● DIRECTIONS FOR THIS TASK
Reproduce the data below word for word, setting aside any picture it holds.

● DATASET EXCERPT
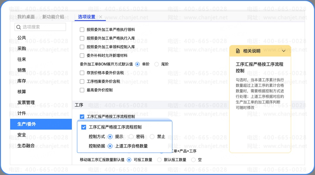 该选项为全局设置。如仅需要对部分生产加工单或部分工序进行流程严格控制,则不要勾选该选项。对于需要流程控制的生产加工单或者工序启用工序转移,可以达到相同效果。
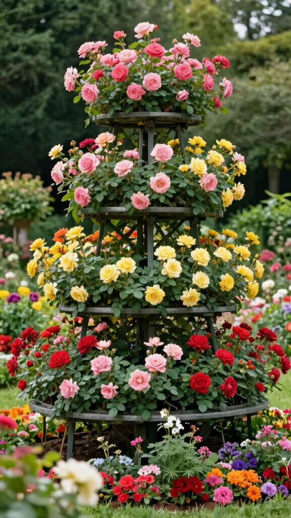 – Add climbing vines alongside the roses for a layered look and place decorative stones or gravel at the base for added texture.
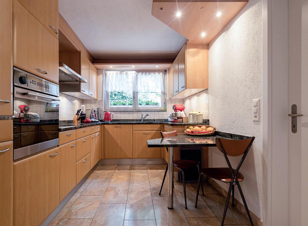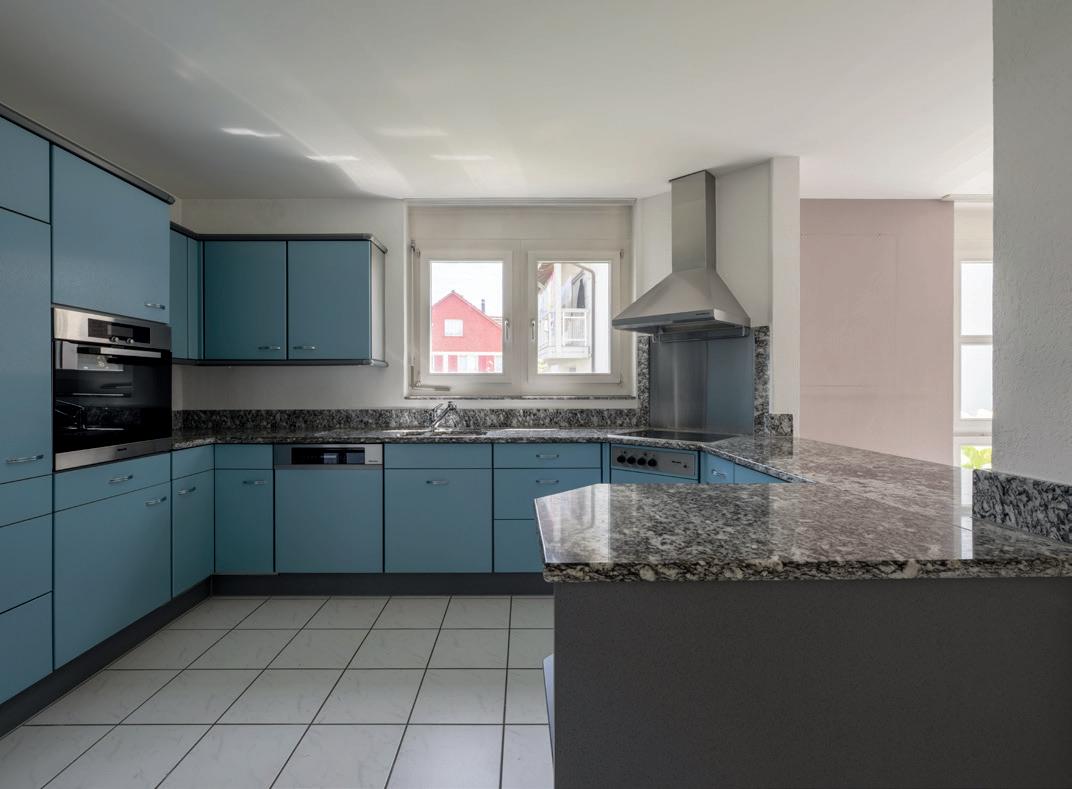 Peu de place, mais des idées à profusion. La douceur du bleu ciel et le choix du ton sur ton donnent une impression de clarté et d'ordre. Comme dans toute cuisine urbaine, fonctionnalité et esthétique ne font qu'un. Les portes vers les autres pièces et l'arrière-cuisine sont habilement intégrées au plan d'ensemble.

● REPLY
 该选项为全局设置。如仅需要对部分生产加工单或部分工序进行流程严格控制,则不要勾选该选项。对于需要流程控制的生产加工单或者工序启用工序转移,可以达到相同效果。
 – Add climbing vines alongside the roses for a layered look and place decorative stones or gravel at the base for added texture.
 Peu de place, mais des idées à profusion. La douceur du bleu ciel et le choix du ton sur ton donnent une impression de clarté et d'ordre. Comme dans toute cuisine urbaine, fonctionnalité et esthétique ne font qu'un. Les portes vers les autres pièces et l'arrière-cuisine sont habilement intégrées au plan d'ensemble.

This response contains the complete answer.